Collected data
((

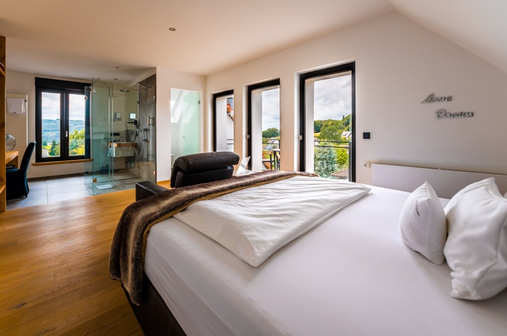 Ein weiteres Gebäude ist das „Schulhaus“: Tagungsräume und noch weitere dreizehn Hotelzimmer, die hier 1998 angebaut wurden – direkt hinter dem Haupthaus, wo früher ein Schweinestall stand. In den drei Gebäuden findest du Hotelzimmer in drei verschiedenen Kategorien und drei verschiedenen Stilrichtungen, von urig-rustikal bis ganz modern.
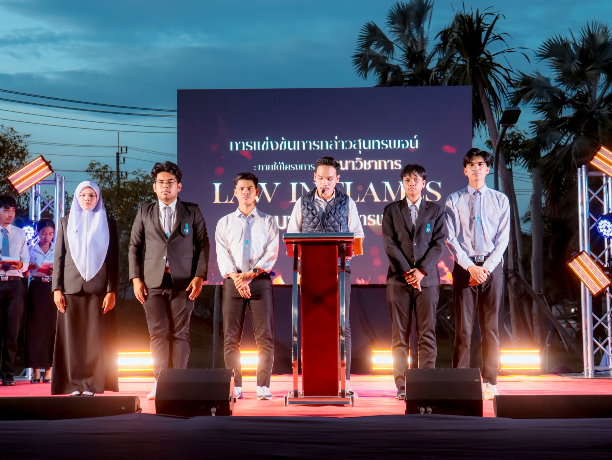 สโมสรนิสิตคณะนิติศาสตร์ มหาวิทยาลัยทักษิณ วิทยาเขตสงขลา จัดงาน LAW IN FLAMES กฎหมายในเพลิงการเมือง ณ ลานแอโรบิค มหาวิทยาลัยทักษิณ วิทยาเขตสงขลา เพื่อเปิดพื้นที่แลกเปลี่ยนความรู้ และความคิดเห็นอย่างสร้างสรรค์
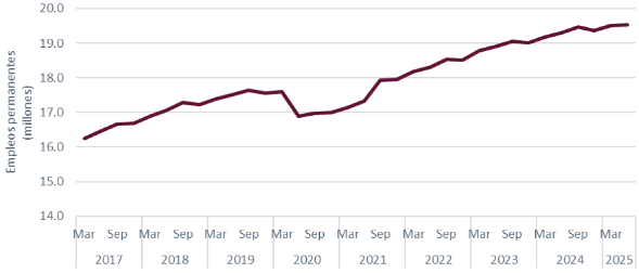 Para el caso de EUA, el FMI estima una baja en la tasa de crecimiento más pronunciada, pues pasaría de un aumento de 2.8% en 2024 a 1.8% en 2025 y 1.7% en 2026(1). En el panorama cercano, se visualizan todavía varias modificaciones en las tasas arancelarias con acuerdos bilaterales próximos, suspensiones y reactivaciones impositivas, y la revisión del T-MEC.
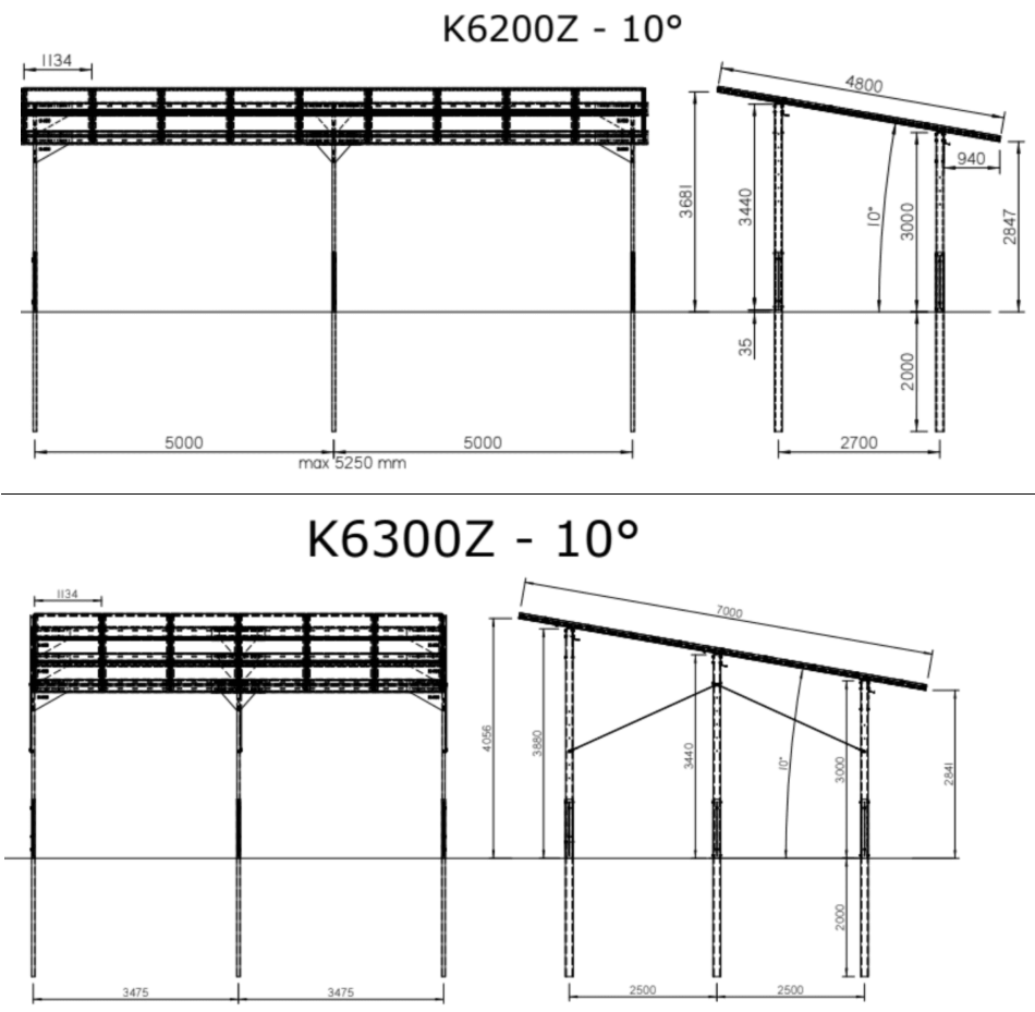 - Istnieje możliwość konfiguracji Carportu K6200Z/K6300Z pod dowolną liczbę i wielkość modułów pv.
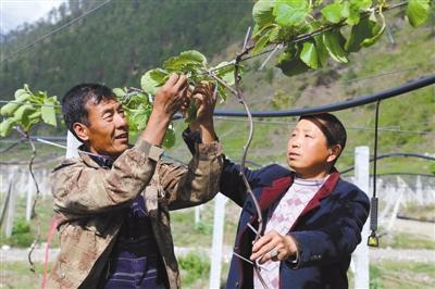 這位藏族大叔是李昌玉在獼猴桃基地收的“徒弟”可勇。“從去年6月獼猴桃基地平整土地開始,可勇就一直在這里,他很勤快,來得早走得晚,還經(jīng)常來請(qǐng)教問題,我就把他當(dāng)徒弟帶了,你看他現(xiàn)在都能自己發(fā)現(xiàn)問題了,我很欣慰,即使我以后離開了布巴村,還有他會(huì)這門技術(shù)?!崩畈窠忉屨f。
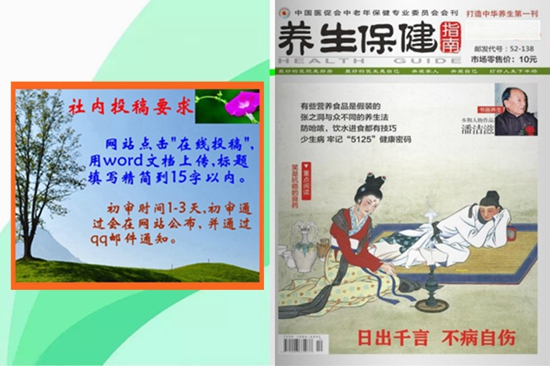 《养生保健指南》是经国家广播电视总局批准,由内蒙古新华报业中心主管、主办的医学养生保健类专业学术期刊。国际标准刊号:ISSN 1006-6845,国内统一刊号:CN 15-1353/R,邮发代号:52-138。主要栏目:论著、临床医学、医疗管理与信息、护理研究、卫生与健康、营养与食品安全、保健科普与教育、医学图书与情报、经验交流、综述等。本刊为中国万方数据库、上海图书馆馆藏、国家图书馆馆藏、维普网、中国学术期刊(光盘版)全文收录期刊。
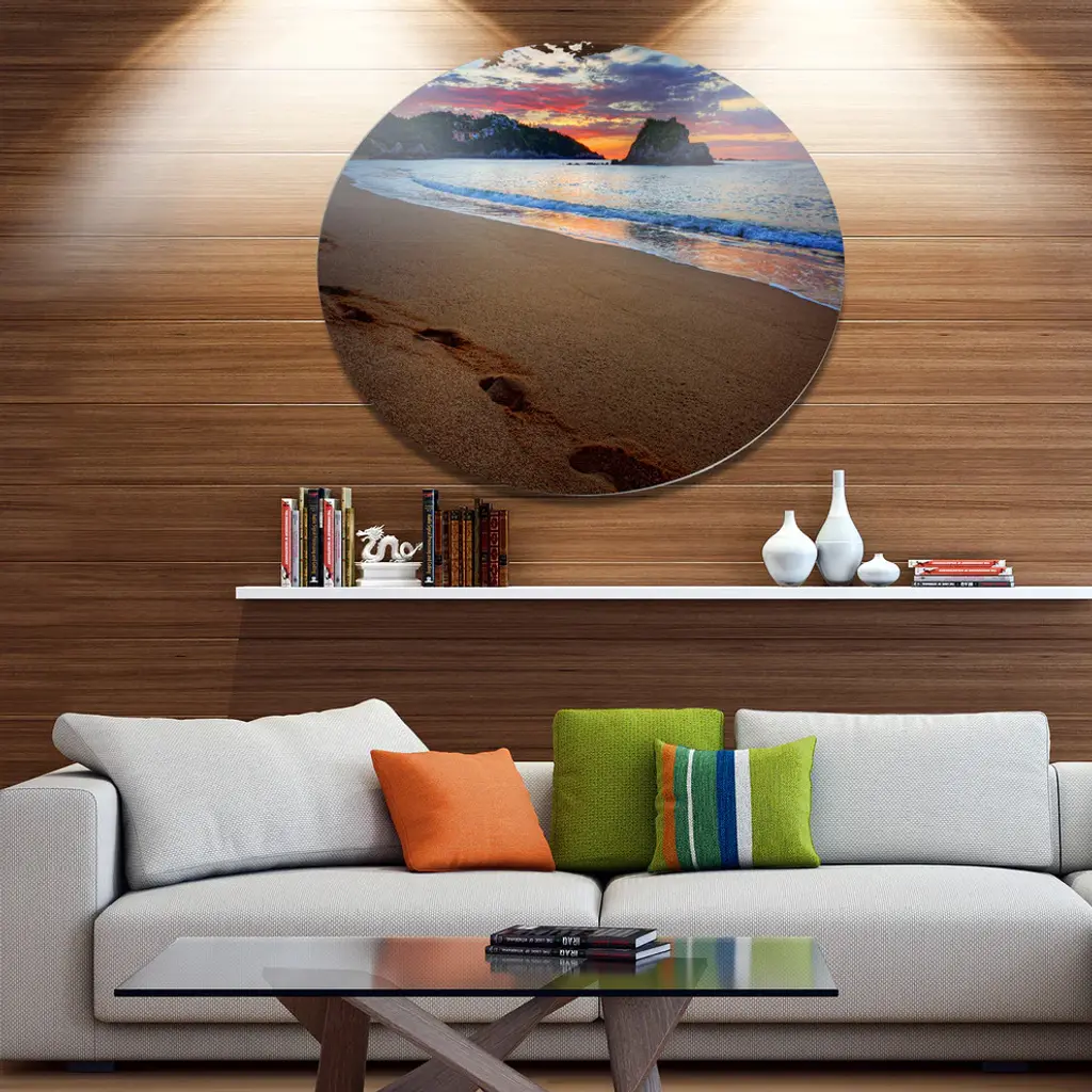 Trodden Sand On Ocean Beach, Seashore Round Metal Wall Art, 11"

))

**Task instructions**: Starting at the line that contains "- Istnieje możliwość", write out every line through the end of the entries above exactly, and omit the pictures.

**Task response**:
 - Istnieje możliwość konfiguracji Carportu K6200Z/K6300Z pod dowolną liczbę i wielkość modułów pv.
 這位藏族大叔是李昌玉在獼猴桃基地收的“徒弟”可勇。“從去年6月獼猴桃基地平整土地開始,可勇就一直在這里,他很勤快,來得早走得晚,還經(jīng)常來請(qǐng)教問題,我就把他當(dāng)徒弟帶了,你看他現(xiàn)在都能自己發(fā)現(xiàn)問題了,我很欣慰,即使我以后離開了布巴村,還有他會(huì)這門技術(shù)?!崩畈窠忉屨f。
 《养生保健指南》是经国家广播电视总局批准,由内蒙古新华报业中心主管、主办的医学养生保健类专业学术期刊。国际标准刊号:ISSN 1006-6845,国内统一刊号:CN 15-1353/R,邮发代号:52-138。主要栏目:论著、临床医学、医疗管理与信息、护理研究、卫生与健康、营养与食品安全、保健科普与教育、医学图书与情报、经验交流、综述等。本刊为中国万方数据库、上海图书馆馆藏、国家图书馆馆藏、维普网、中国学术期刊(光盘版)全文收录期刊。
 Trodden Sand On Ocean Beach, Seashore Round Metal Wall Art, 11"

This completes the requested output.